# Time to renew my anti virus or go elsewhere?



## Techtu (Jan 3, 2012)

Just want to know what I'm asking in the title, I currently have McAfee 2011, an was curious to yes and no's to why I should keep or even change from this?


----------



## brandonwh64 (Jan 3, 2012)

We use mcafee at work  and it sucks something fierce! We tested a infected thumb drive on my personal laptop using free AVG and our company's up to date mcafee and mcafee would not detect the virus.


----------



## Athlon2K15 (Jan 3, 2012)

Microsoft Security Essentials best free AV.


----------



## cdawall (Jan 3, 2012)

I just don't do things to get virus's been working great since 09.


----------



## TeXBill (Jan 3, 2012)

> Microsoft Security Essentials best free AV.


+1
Been using for over a year now without any problems.


----------



## kenkickr (Jan 3, 2012)

AthlonX2 said:


> Microsoft Security Essentials best free AV.

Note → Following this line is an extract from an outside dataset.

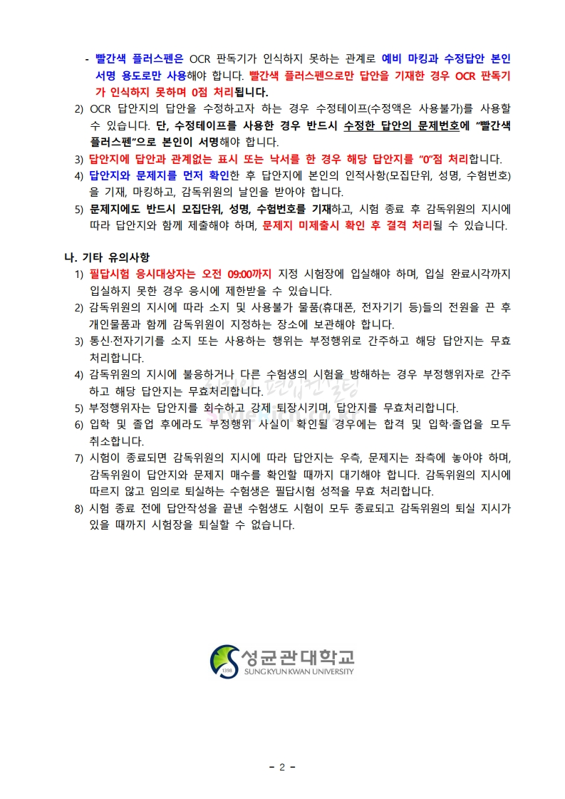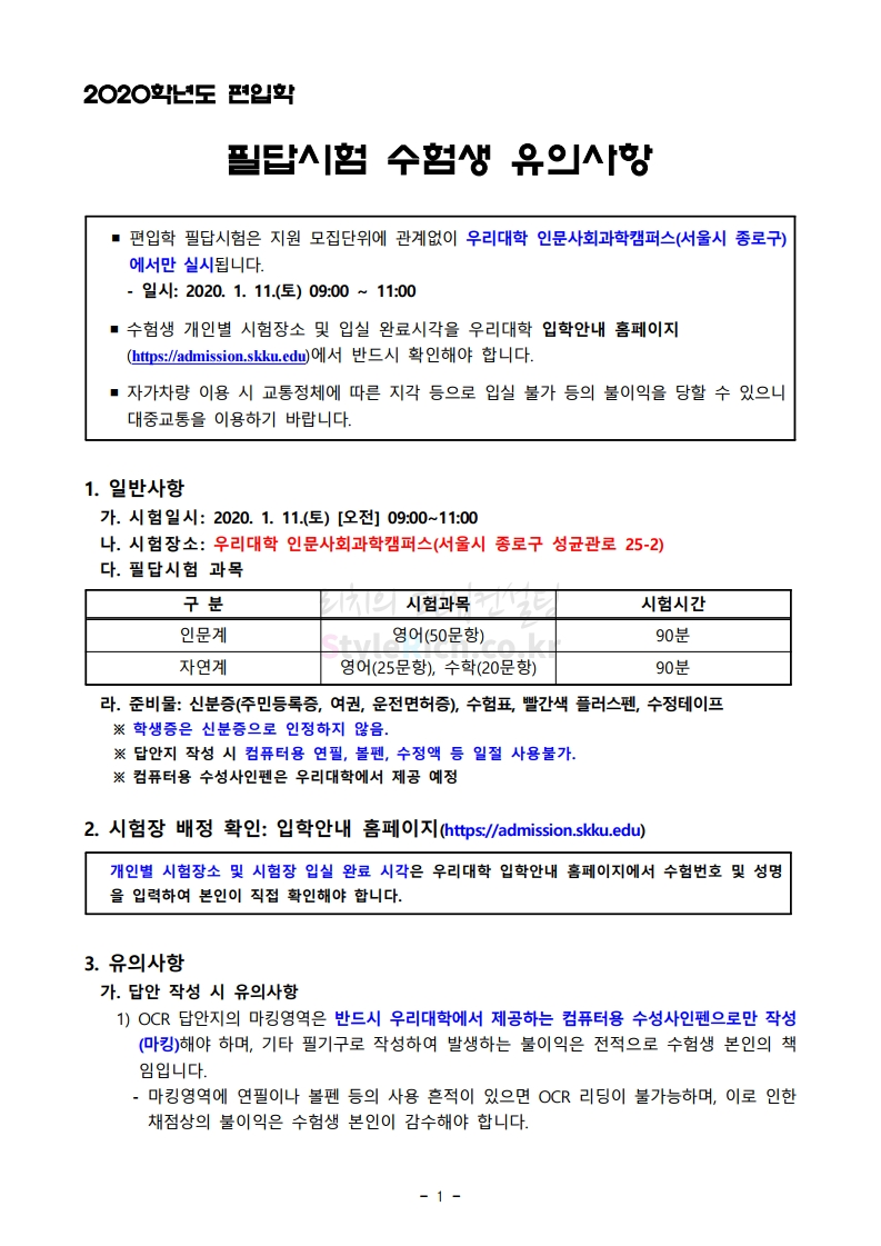 성균관대 편입 2020학년도 필기고사 유의사항 간편하게 보자 2020.01.10 00:40 편입 유의사항/2020학년도 유의사항 2020학년도 성균관대 편입 필기고사 유의사항을 살펴보겠습니다. ※ 내용 일부가 변경되거나 오표기가 있을 수 있으므로 시험 전 반드시 성균관대 입학처 홈페이지에서 최종적으로 확인 바랍니다. 2020학년도 성균관대 편입 필기고사 유의사항 01 2020학년도 성균관대 편입 필기고사 유의사항 02 <출처: 성균관대 홈페이지> 성균관대를 빛낸 2019년 10대 뉴스 공유하기 게시글 관리 리치의 편입컨설팅 저작자표시 비영리 변경금지 (새창열림) '편입 유의사항 > 2020학년도 유의사항' 카테고리의 다른 글 중앙대 편입 2020학년도 필기&실기고사 유의사항 간편하게 보자 (0) 2020.01.11 서강대 편입 2020학년도 필기고사 유의사항 간편하게 보자 (0) 2020.01.10 덕성여대 편입 2020학년도 필기&실기고사 유의사항 간편하게 보자 (0) 2020.01.09 숭실대 편입 2020학년도 필기고사 유의사항 간편하게 보자 (0) 2020.01.08 명지대 편입 2020학년도 필기고사 유의사항 간편하게 보자 (0) 2020.01.07 댓글 공유하기 다른 글 댓글 이 글 공유하기 구독하기 구독하기 카카오톡 카카오톡 라인 라인 트위터 트위터 Facebook Facebook 카카오스토리 카카오스토리 밴드 밴드 네이버 블로그 네이버 블로그 Pocket Pocket Evernote Evernote 다른 글 중앙대 편입 2020학년도 필기&실기고사 유의사항 간편하게 보자 중앙대 편입 2020학년도 필기&실기고사 유의사항 간편하게 보자 2020.01.11 서강대 편입 2020학년도 필기고사 유의사항 간편하게 보자 서강대 편입 2020학년도 필기고사 유의사항 간편하게 보자 2020.01.10 덕성여대 편입 2020학년도 필기&실기고사 유의사항 간편하게 보자 덕성여대 편입 2020학년도 필기&실기고사 유의사항 간편하게 보자 2020.01.09 숭실대 편입 2020학년도 필기고사 유의사항 간편하게 보자 숭실대 편입 2020학년도 필기고사 유의사항 간편하게 보자 2020.01.08 다른 글 더 둘러보기

+1 to this one.  Avast Home(Free) is pretty good.  

Working in PC repair I see people that purchase AV software just to get infected over and over.  If your a rambling browser type of person, or like to save money for goodies,  then I'd say save your money and go free.


----------



## Crap Daddy (Jan 3, 2012)

AthlonX2 said:


> Microsoft Security Essentials best free AV.



another +1. Avast free is also pretty OK but MSE is very discreet and efficient.


----------



## PaulieG (Jan 3, 2012)

AthlonX2 said:


> Microsoft Security Essentials best free AV.





kenkickr said:


> +1 to this one.  Avast Home(Free) is pretty good.
> 
> Working in PC repair I see people that purchase AV software just to get infected over and over.  If your a rambling browser type of person, or like to save money for goodies,  then I'd say save your money and go free.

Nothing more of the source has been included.